The estimated risk of ipsilateral invasive cancer after in situ lesions was almost two times higher than the corresponding risk of contralateral breast cancer. This risk difference was only found after 1991, and was statistically significant for the period 1996–2000. Breast-conserving surgery became the treatment of choice for early breast cancer in Sweden during the 1980s, especially in areas with population-based screening (Fredriksson ). The proportion of women receiving conservative surgery increased from 7% in 1980 to 51% in 1996 (Lindqvist ). Inadequately treated in situ breast carcinoma, for example, insufficient margin control, may have contributed to the observed risk increase (Yau ; Fredriksson ; Kerlikowske ; Khan and Newman, 2004).

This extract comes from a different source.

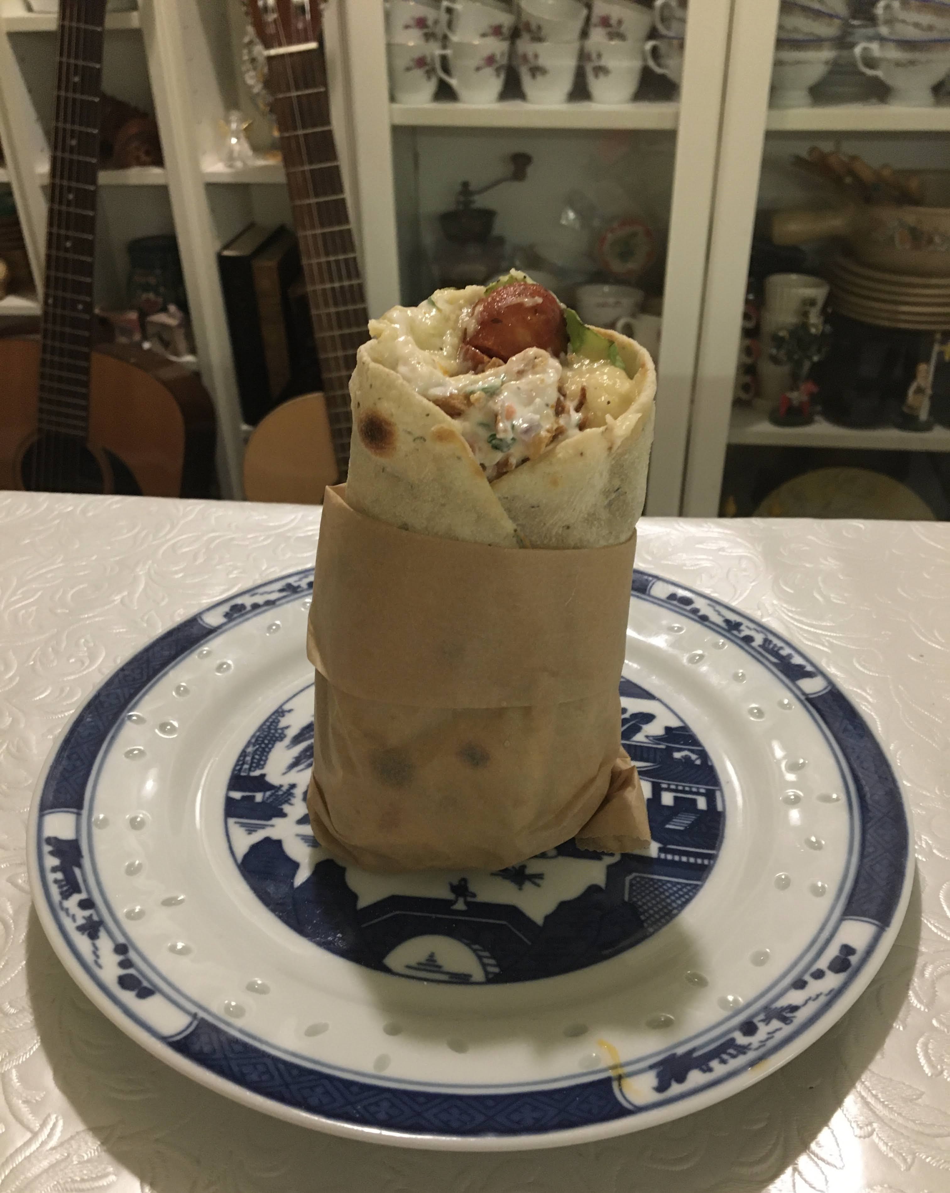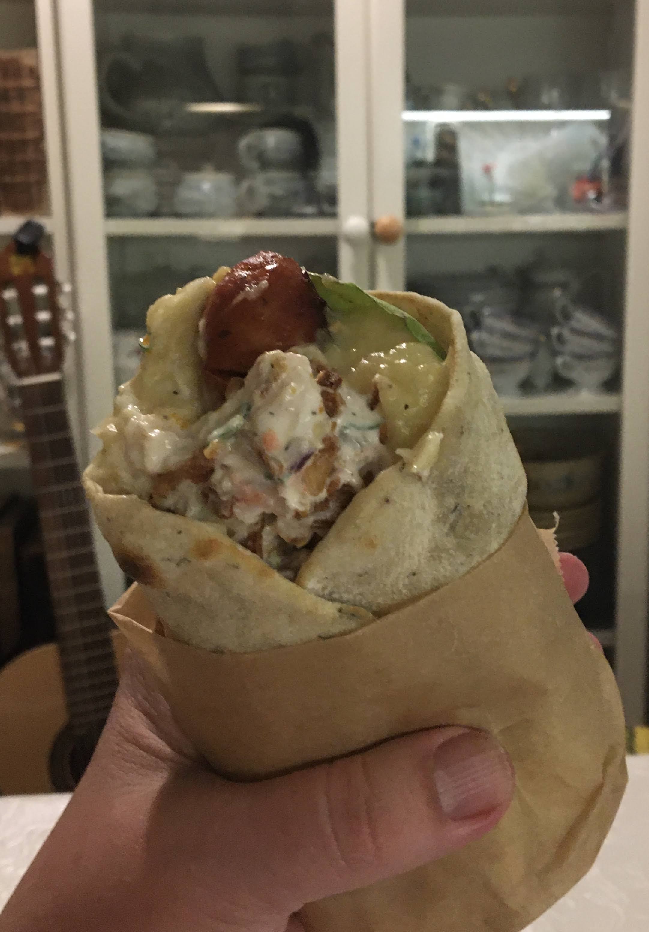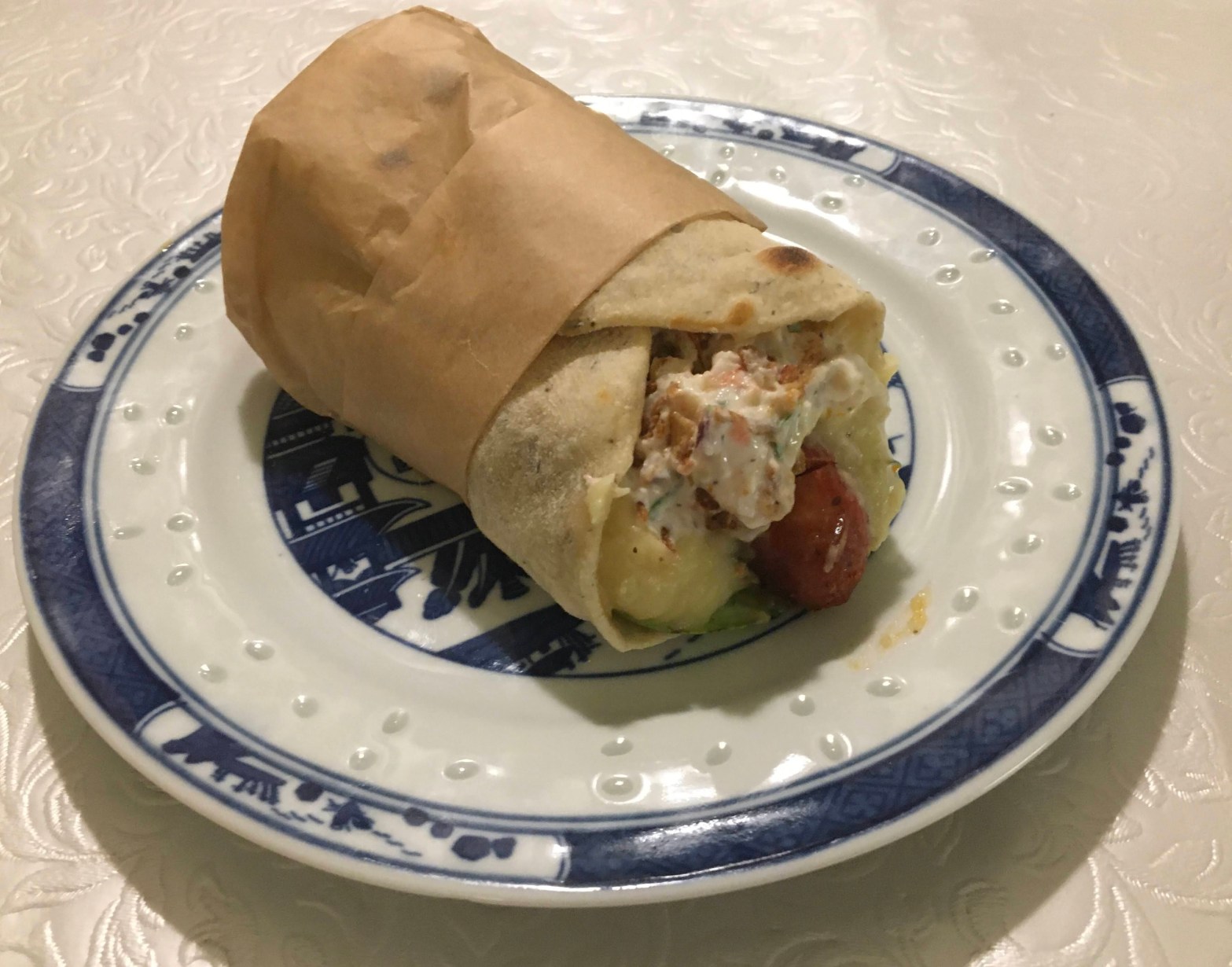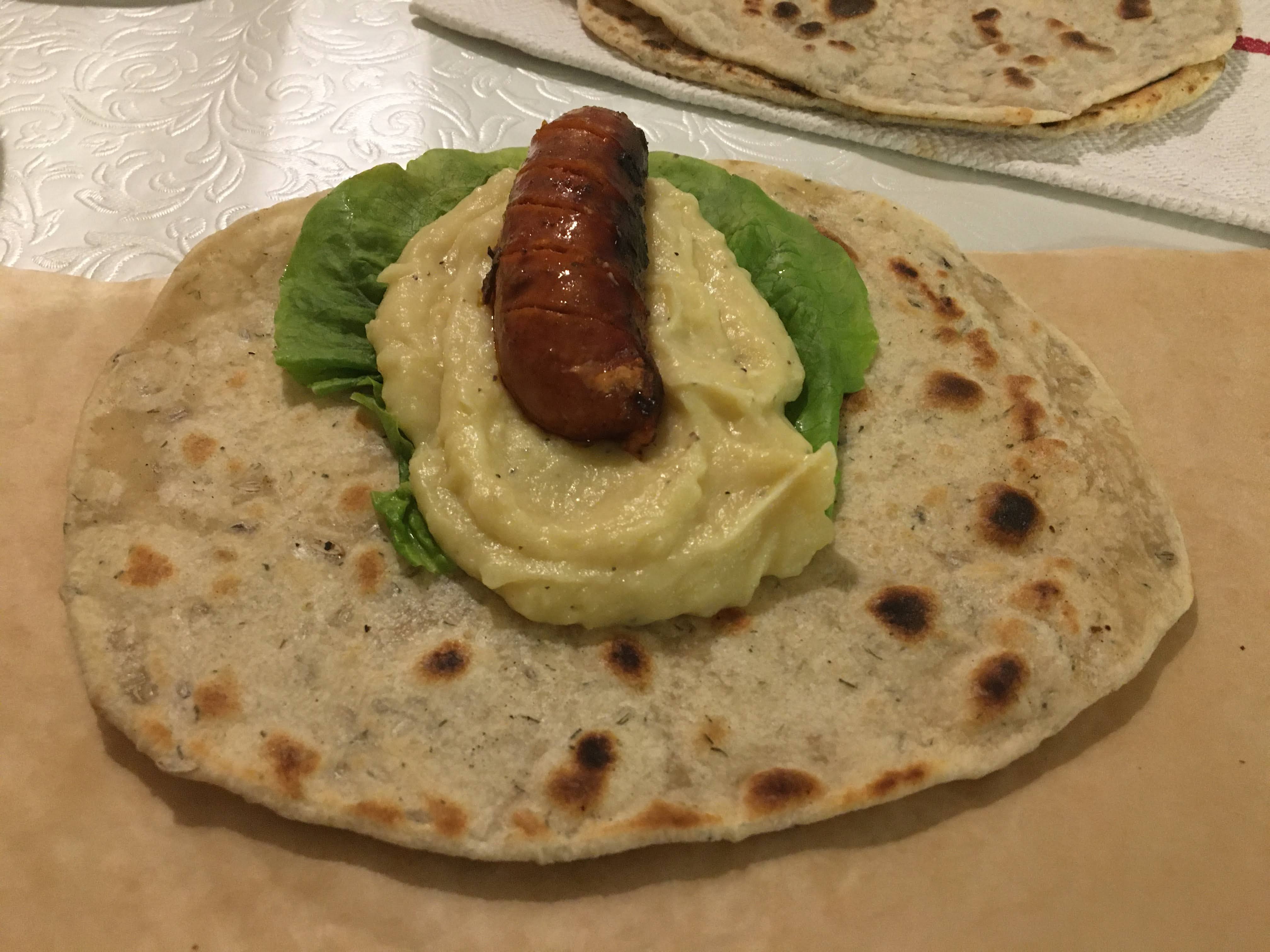 Swedish Flatbread Rolls (Flatbread Wraps) with filling is a traditional fast food meal. The filling usually consists of sausage, mashed potatoes, some form of cold salad such as cucumber, mayonnaise or shrimp salad and often also with roasted onions. As a rule, ketchup and mustard are included.

The suggestion of previous studies that in situ and subsequent invasive cancers share morphological features (Habel ; Franceschi ) could not be confirmed in the present study. However, we found the highest concordance for the lobular histology, in agreement with earlier studies, which showed that LCIS is often followed by lobular invasive breast cancer (Lishman and Lakhani, 1999; Fisher ). The present study is congruent with earlier analyses on the genetic determination of the morphology of invasive breast cancer based on the Swedish Family-Cancer Database (Hemminki and Granstrom, 2002).

We conclude that the incidence of in situ carcinoma of the breast has increased in the last decade and that the introduction of screening and new treatments in Sweden seems to have modified the pattern of risk of invasive cancer after in situ carcinoma. The risk of invasive cancer in the ipsilateral breast has increased. Women with LCIS are at higher risk of invasive breast cancer than women with DCIS. The risks estimated in this study may help in clinical counselling.